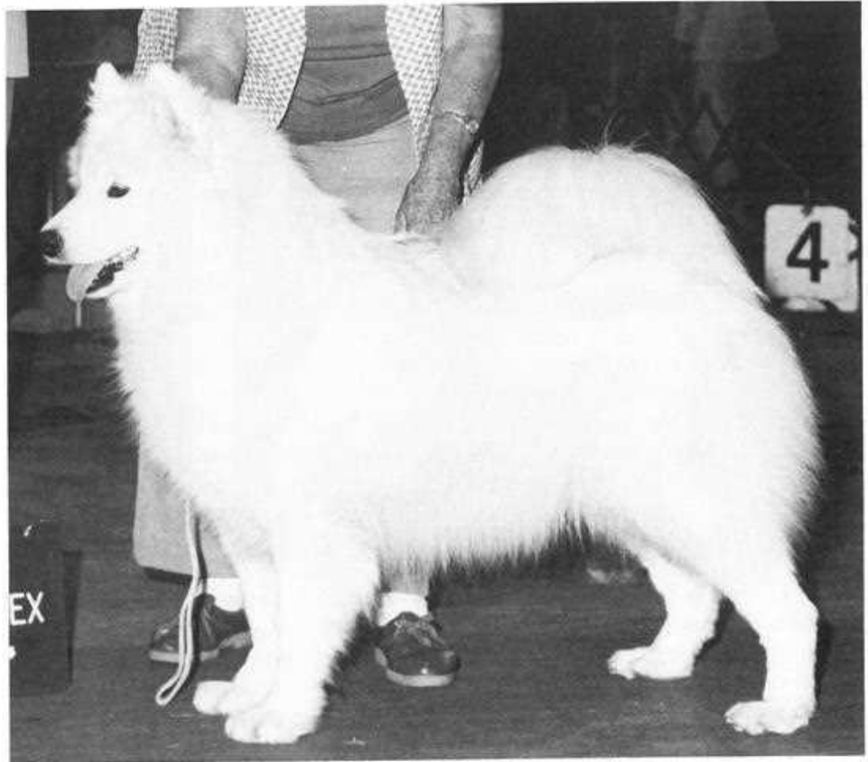
Snowdrift Snowwhite Elegance.

One of the dog food companies came out to the kennel. I wasn't there, my husband was there. I was gone somewhere. The man said, "Why doesn't she feed those dogs dry food? Then you wouldn't have to worry
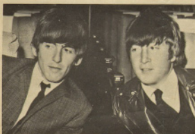
3:10 PM . . . BUT WAIT! WHAT'S THIS? WHY THE SURPRISED LOOK ON JOHN AND GEORGE'S FACES? COULD IT BE . . . YES, BY GUM, IT IS! THE BEATLES MAY BE LEAVING K'R'L'A'M'D. BUT KRIA ISN'T LEAVING THE BEATLES!
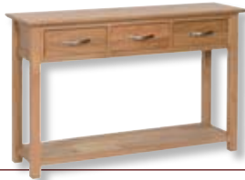
NT25 3 Drawer Console Table H 770mm (30¼"); W 1185mm (46½"); D 350mm (13¾")
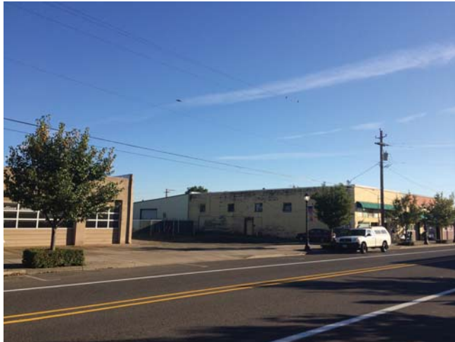
Views From Oregon Avenue
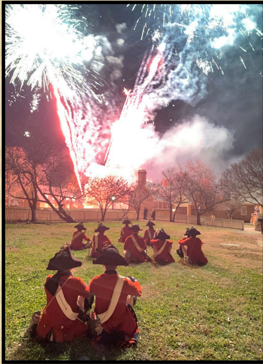
The Sr. Corps enjoying watching the fireworks last Saturday.
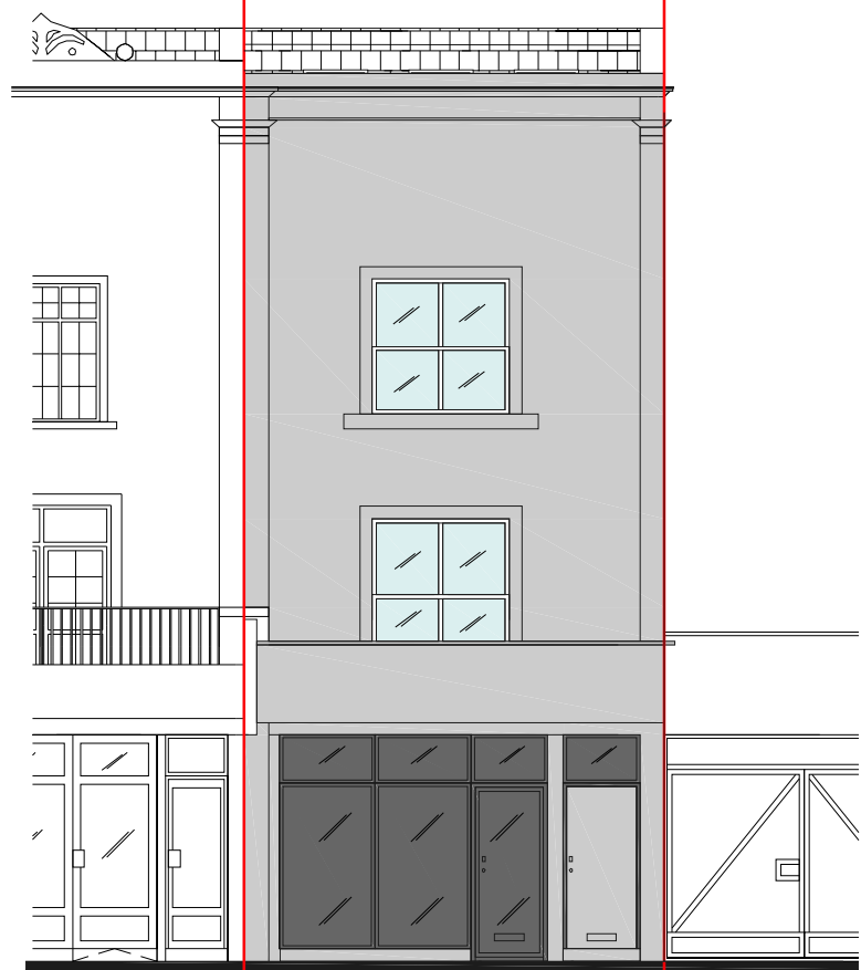
FRONT ELEVATION EXISTING SCALE 1:100
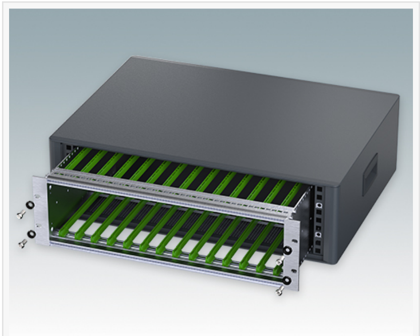
TECHNOMET 19" for mounting 19" subracks, chassis and front panels
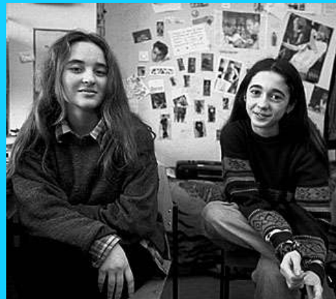
Muslim and Serb refugees From Sarajevo

Intermarried, cooperated, 1950s-80s; At war 1990s
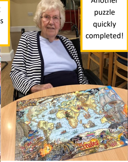
Another puzzle quickly completed!
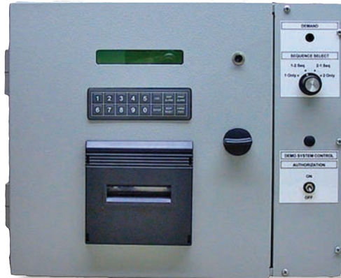
Central Control Node
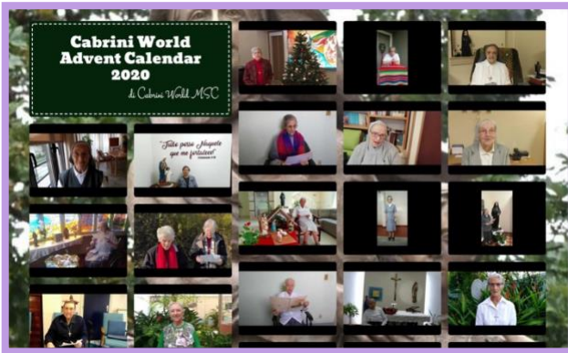
Photo 10. Cabrini World Advent project involving more than 80 elderly Sisters.

Throughout 2020 each of us has been challenged in different ways, individually, socially and economically. Together we witnessed how the pandemic accelerated and amplified many global events: increasing polarization within and between nations and the rise of
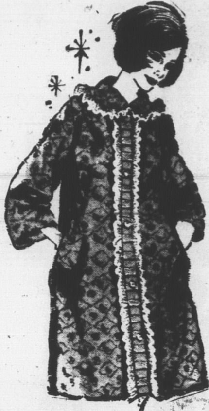
Lovely Quilted Nylon Duster

A treasure-Trove of Lingerie Gifts to Delight Her on Christmas Morn!
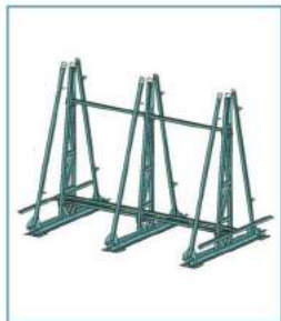
集装箱海运架 Container shipping rack

• **Problem to work on**
Starting at the line containing "3:10 PM . ." and stopping at the line containing "Central Control Node", output every line above exactly, both ends included, with pictures omitted.

• **Result of the exercise**
3:10 PM . . . BUT WAIT! WHAT'S THIS? WHY THE SURPRISED LOOK ON JOHN AND GEORGE'S FACES? COULD IT BE . . . YES, BY GUM, IT IS! THE BEATLES MAY BE LEAVING K'R'L'A'M'D. BUT KRIA ISN'T LEAVING THE BEATLES!
NT25 3 Drawer Console Table H 770mm (30¼"); W 1185mm (46½"); D 350mm (13¾")
Views From Oregon Avenue
The Sr. Corps enjoying watching the fireworks last Saturday.
FRONT ELEVATION EXISTING SCALE 1:100
TECHNOMET 19" for mounting 19" subracks, chassis and front panels
Muslim and Serb refugees From Sarajevo

Intermarried, cooperated, 1950s-80s; At war 1990s
Another puzzle quickly completed!
Central Control Node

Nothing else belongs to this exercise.